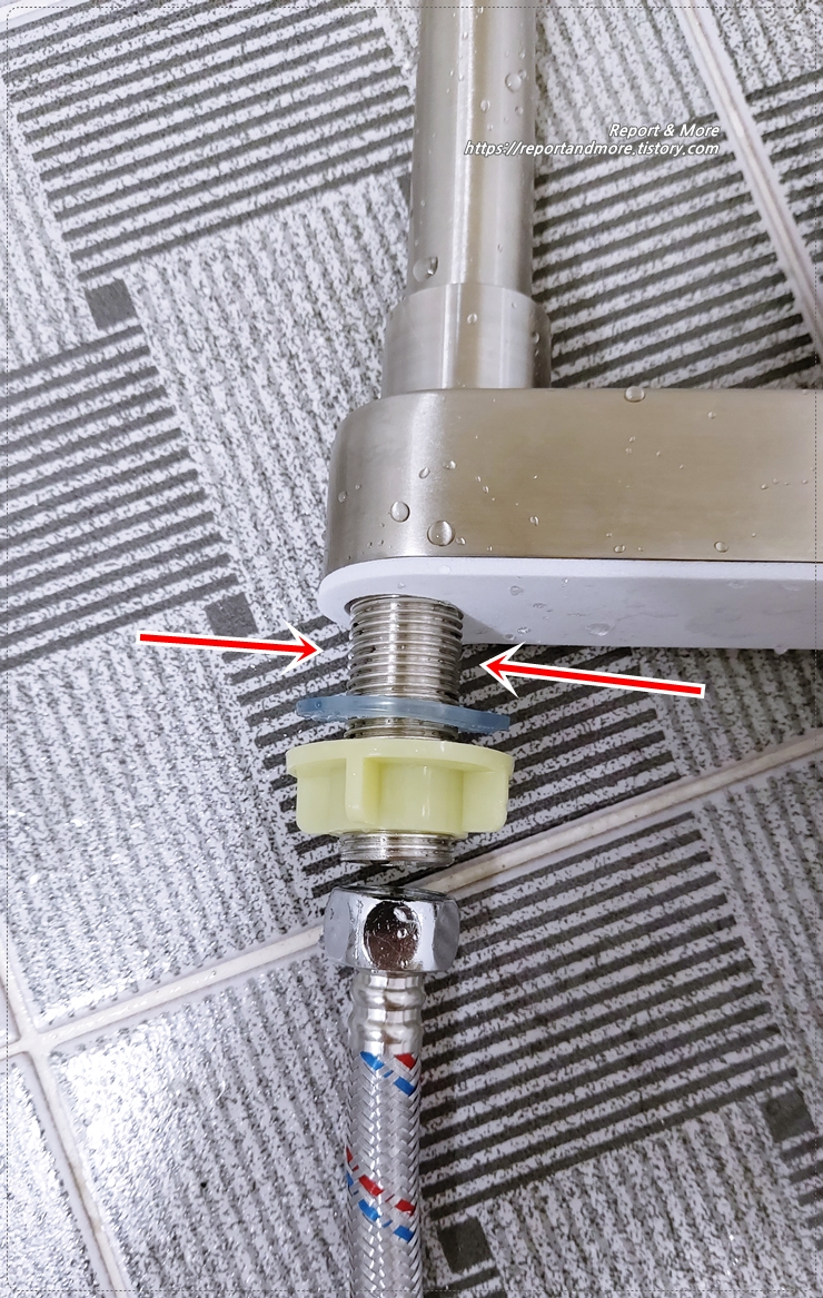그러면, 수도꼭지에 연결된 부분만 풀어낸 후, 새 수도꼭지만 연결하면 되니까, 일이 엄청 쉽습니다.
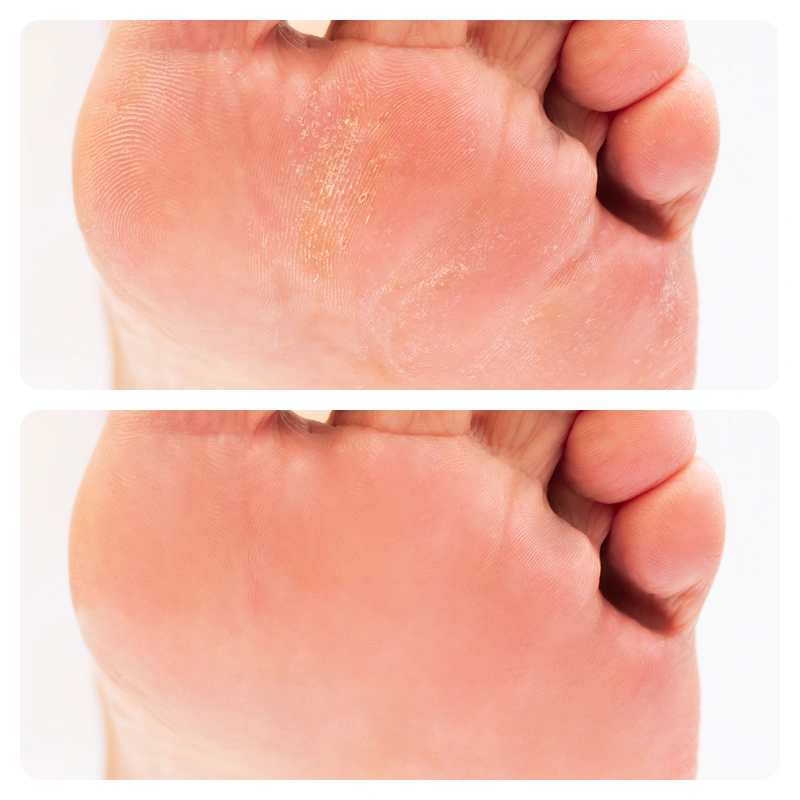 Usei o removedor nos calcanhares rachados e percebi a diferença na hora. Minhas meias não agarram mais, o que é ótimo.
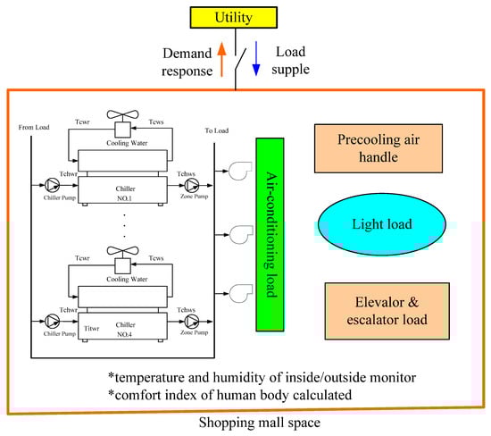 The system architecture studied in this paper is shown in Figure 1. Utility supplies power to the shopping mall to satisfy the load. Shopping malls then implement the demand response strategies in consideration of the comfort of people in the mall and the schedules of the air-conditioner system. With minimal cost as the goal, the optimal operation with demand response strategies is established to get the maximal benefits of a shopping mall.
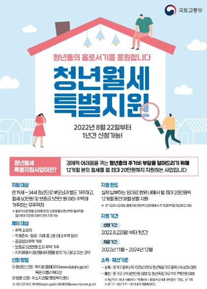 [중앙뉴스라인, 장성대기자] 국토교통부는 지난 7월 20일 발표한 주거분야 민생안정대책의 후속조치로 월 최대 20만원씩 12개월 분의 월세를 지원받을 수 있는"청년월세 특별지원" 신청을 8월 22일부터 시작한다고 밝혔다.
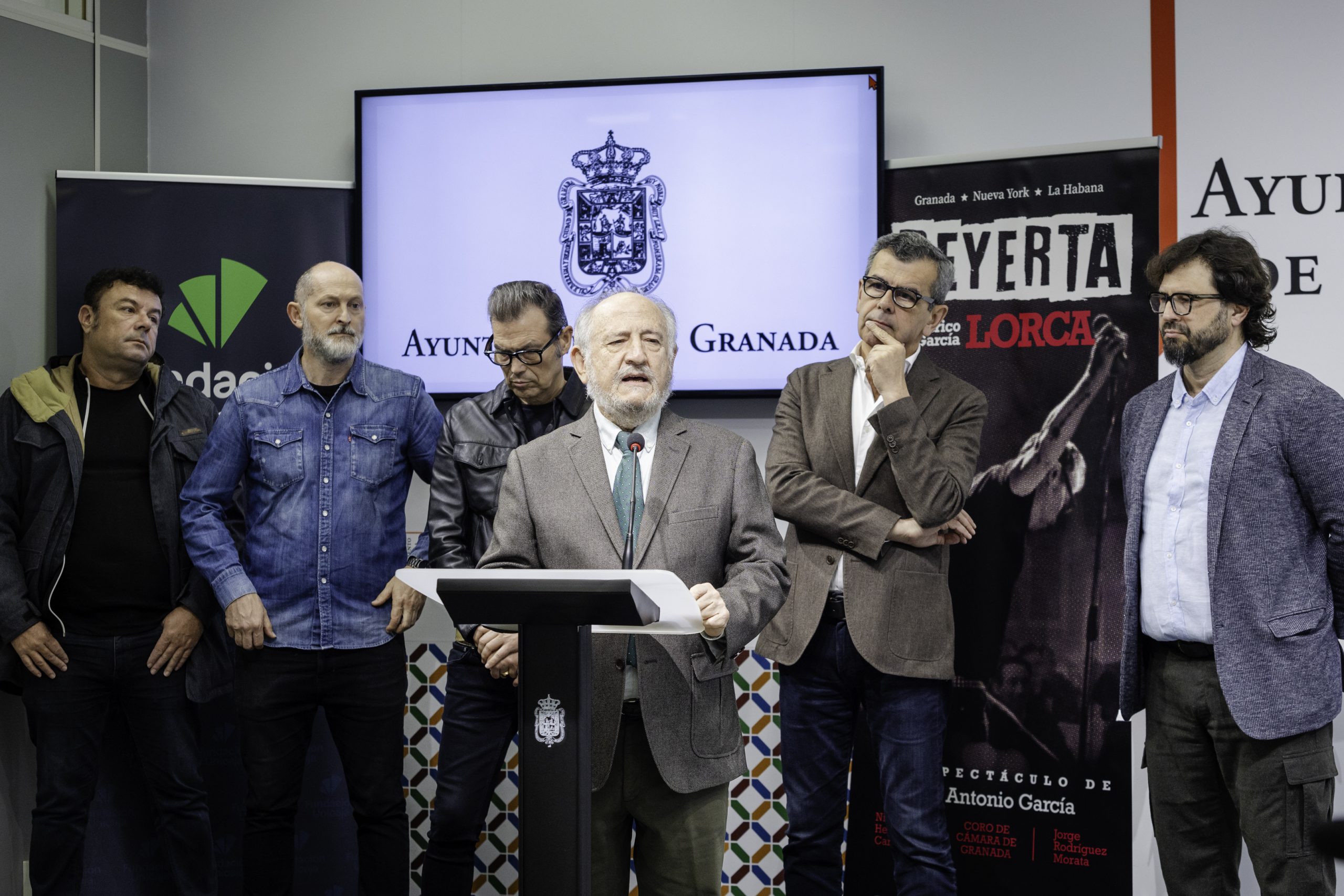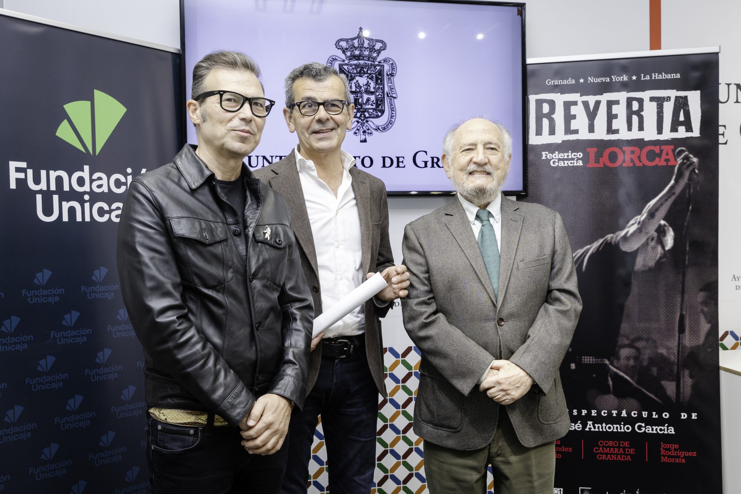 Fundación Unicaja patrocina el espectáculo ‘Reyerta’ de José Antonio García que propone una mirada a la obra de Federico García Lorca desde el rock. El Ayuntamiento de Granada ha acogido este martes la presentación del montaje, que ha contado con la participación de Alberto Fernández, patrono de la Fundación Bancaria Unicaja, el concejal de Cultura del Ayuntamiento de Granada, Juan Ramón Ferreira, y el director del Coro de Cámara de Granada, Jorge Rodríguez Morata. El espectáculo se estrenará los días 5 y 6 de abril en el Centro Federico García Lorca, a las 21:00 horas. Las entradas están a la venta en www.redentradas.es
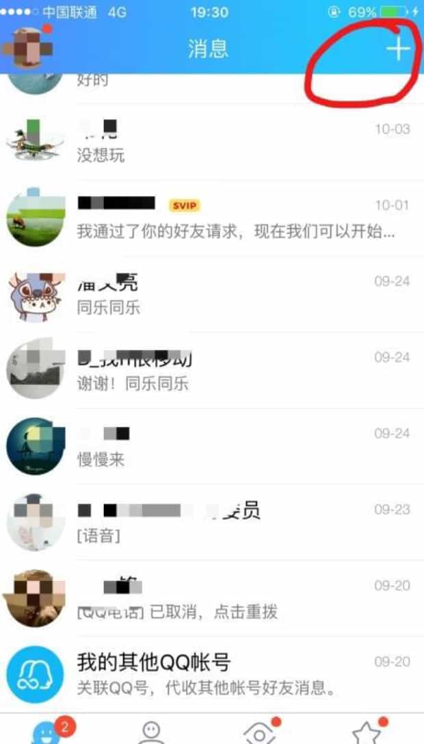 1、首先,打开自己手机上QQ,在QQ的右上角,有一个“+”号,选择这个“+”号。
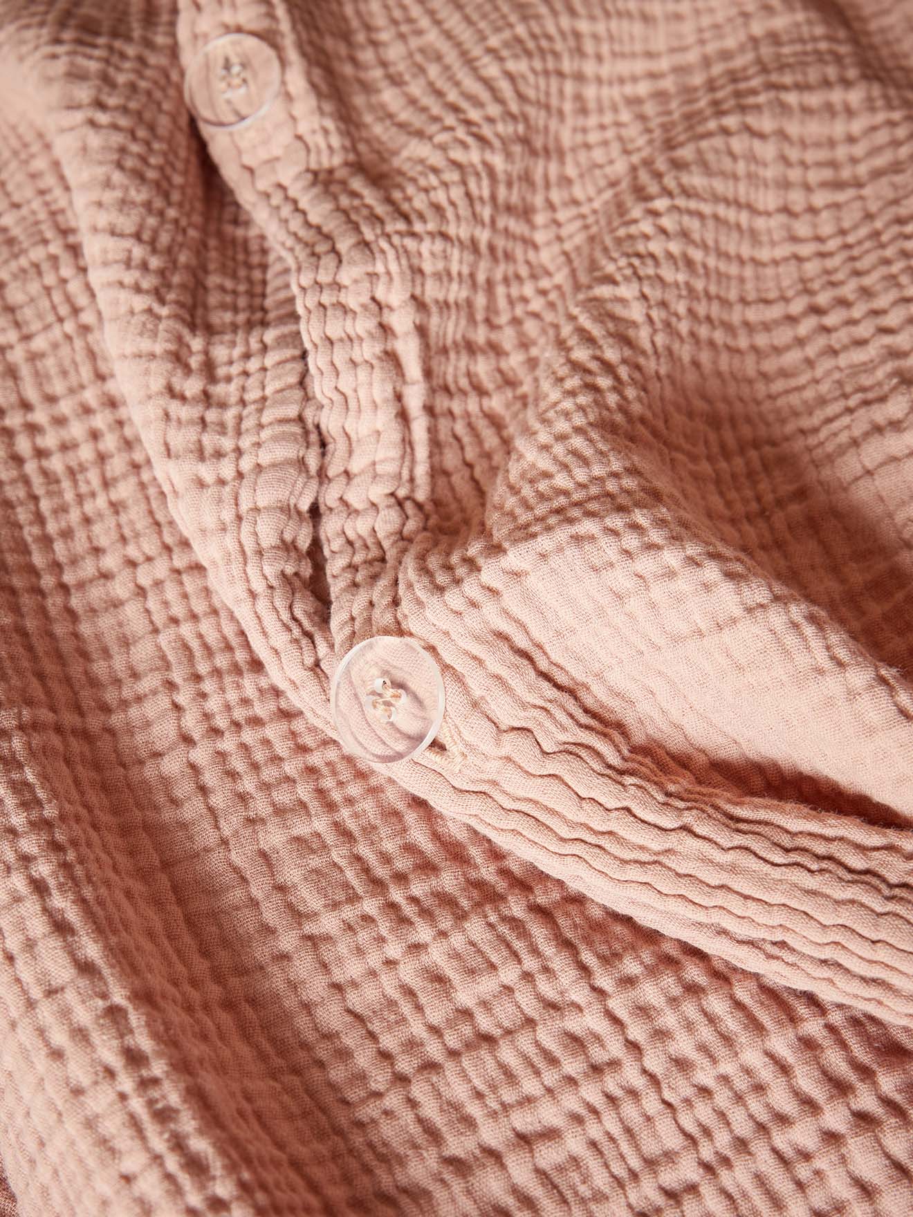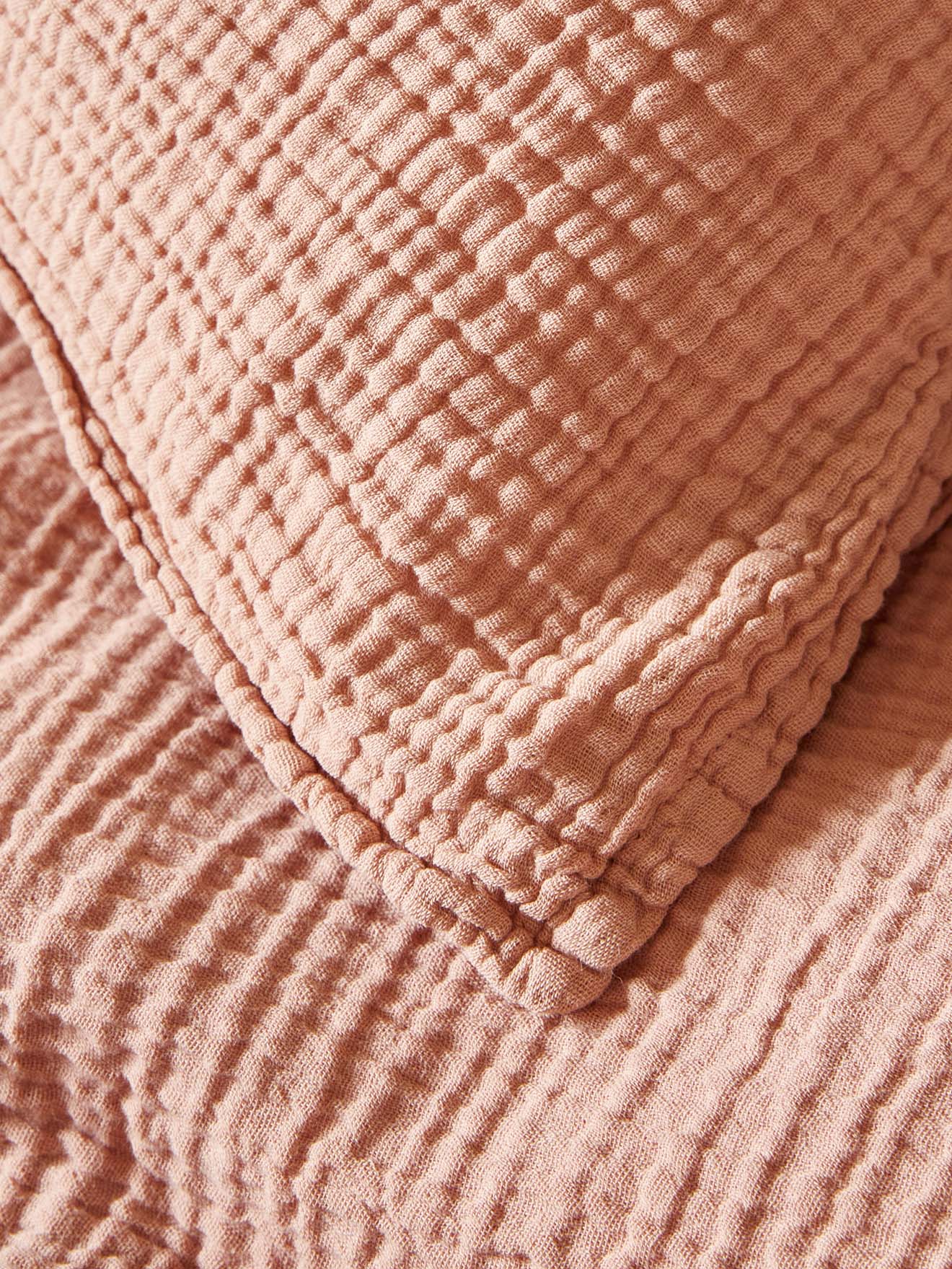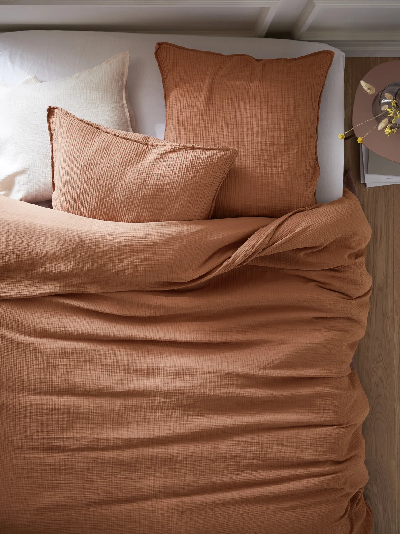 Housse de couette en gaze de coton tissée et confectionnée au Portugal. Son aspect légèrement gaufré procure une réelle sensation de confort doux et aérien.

______

The lines to repeat start at the one holding "The system architecture" and run through the last line of the records above; write them out exactly, both ends included, but not the pictures.

RESULT OF THIS TASK —
 The system architecture studied in this paper is shown in Figure 1. Utility supplies power to the shopping mall to satisfy the load. Shopping malls then implement the demand response strategies in consideration of the comfort of people in the mall and the schedules of the air-conditioner system. With minimal cost as the goal, the optimal operation with demand response strategies is established to get the maximal benefits of a shopping mall.
 [중앙뉴스라인, 장성대기자] 국토교통부는 지난 7월 20일 발표한 주거분야 민생안정대책의 후속조치로 월 최대 20만원씩 12개월 분의 월세를 지원받을 수 있는"청년월세 특별지원" 신청을 8월 22일부터 시작한다고 밝혔다.
 Fundación Unicaja patrocina el espectáculo ‘Reyerta’ de José Antonio García que propone una mirada a la obra de Federico García Lorca desde el rock. El Ayuntamiento de Granada ha acogido este martes la presentación del montaje, que ha contado con la participación de Alberto Fernández, patrono de la Fundación Bancaria Unicaja, el concejal de Cultura del Ayuntamiento de Granada, Juan Ramón Ferreira, y el director del Coro de Cámara de Granada, Jorge Rodríguez Morata. El espectáculo se estrenará los días 5 y 6 de abril en el Centro Federico García Lorca, a las 21:00 horas. Las entradas están a la venta en www.redentradas.es
 1、首先,打开自己手机上QQ,在QQ的右上角,有一个“+”号,选择这个“+”号。
 Housse de couette en gaze de coton tissée et confectionnée au Portugal. Son aspect légèrement gaufré procure une réelle sensation de confort doux et aérien.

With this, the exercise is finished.